▶ _INSTRUCTIONS FOR THE TASK_
Although the records contain pictures, none belong in the copy: restate word for word only the lines from the one with "會談結(jié)束時,楊市長" through the one with "Белый медведь в шапке - 1920x1080", both included.

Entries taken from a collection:

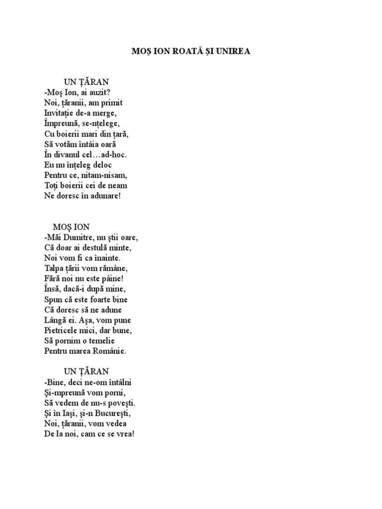 Mos ion roata si unirea pdf. Kogălniceanu şi alţii au găsit cu cale să cheme la adunare şi câţiva ţărani fruntaşi câte unul din fiecare judeţ spre a lua şi ei parte la facerea acestui măreţ şi nobil act naţional. Kogalniceanu și alții au gasit cu cale sa cheme la adunare și cațiva țarani fruntași cate unul din fiecare județ spre a lua și ei parte la facerea acestui mareț și nobil act național. Soft si design de bunicul grigore. Audiobook poveste audio mp3 dupa basmul mos ion roata si unirea.
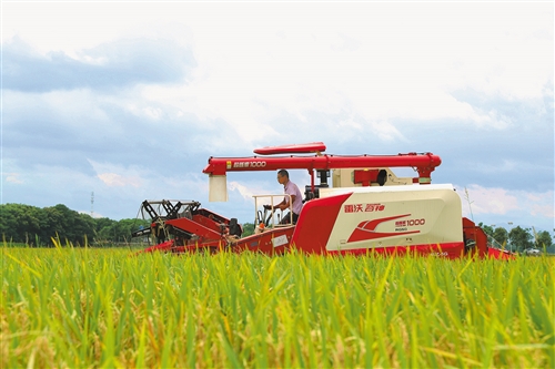 7月12日,江西省兴国县长冈乡上社村,收割机在收割早稻。近日,该县早稻陆续成熟,当地农民抢抓农时,确保颗粒归仓。陈 鹏摄(中经视觉)
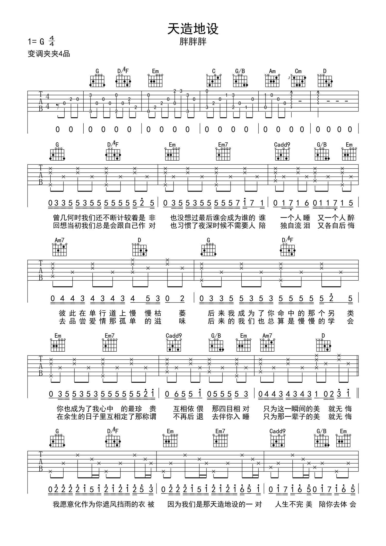 • 天造地设吉他谱 - 胖胖胖 - G调吉他弹唱谱第1张
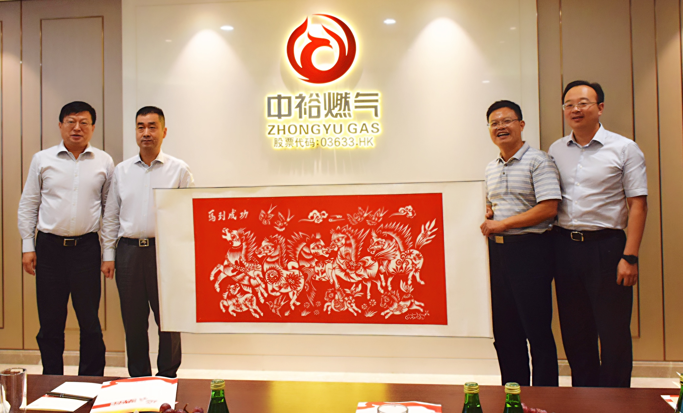 會談結(jié)束時,楊市長一行特地向中裕燃?xì)馑蜕弦环}為《馬到成功》的陜西特產(chǎn)“剪紙畫”,寓意延安市政府與中裕燃?xì)獾暮献饕矊ⅠR到成功。雙方領(lǐng)導(dǎo)本次會面為中裕燃?xì)忾_疆拓土、發(fā)展新業(yè)務(wù)提供了良好契機。
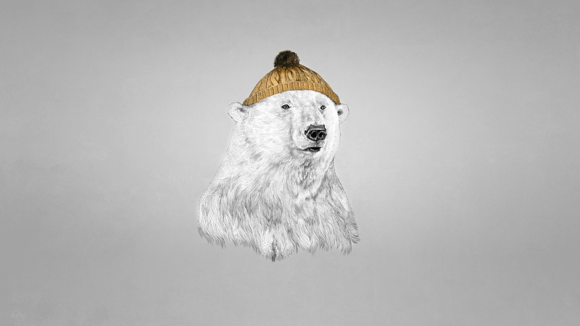 Белый медведь в шапке - 1920x1080
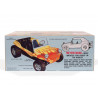 It features a full sheet of decals allowing for different decorating choices. Build it 3 ways: off-road race, street manx or dune buggy with many options including a "street" exhaust line, custom mag wheels, removable hardtop, optional "surrey" roof, modified VW engine with dual carbs and more! Collectible art print of the original box painting included. Beautifully packaged in vintage style packaging!

▶ _PROBLEM SOLUTION_
 會談結(jié)束時,楊市長一行特地向中裕燃?xì)馑蜕弦环}為《馬到成功》的陜西特產(chǎn)“剪紙畫”,寓意延安市政府與中裕燃?xì)獾暮献饕矊ⅠR到成功。雙方領(lǐng)導(dǎo)本次會面為中裕燃?xì)忾_疆拓土、發(fā)展新業(yè)務(wù)提供了良好契機。
 Белый медведь в шапке - 1920x1080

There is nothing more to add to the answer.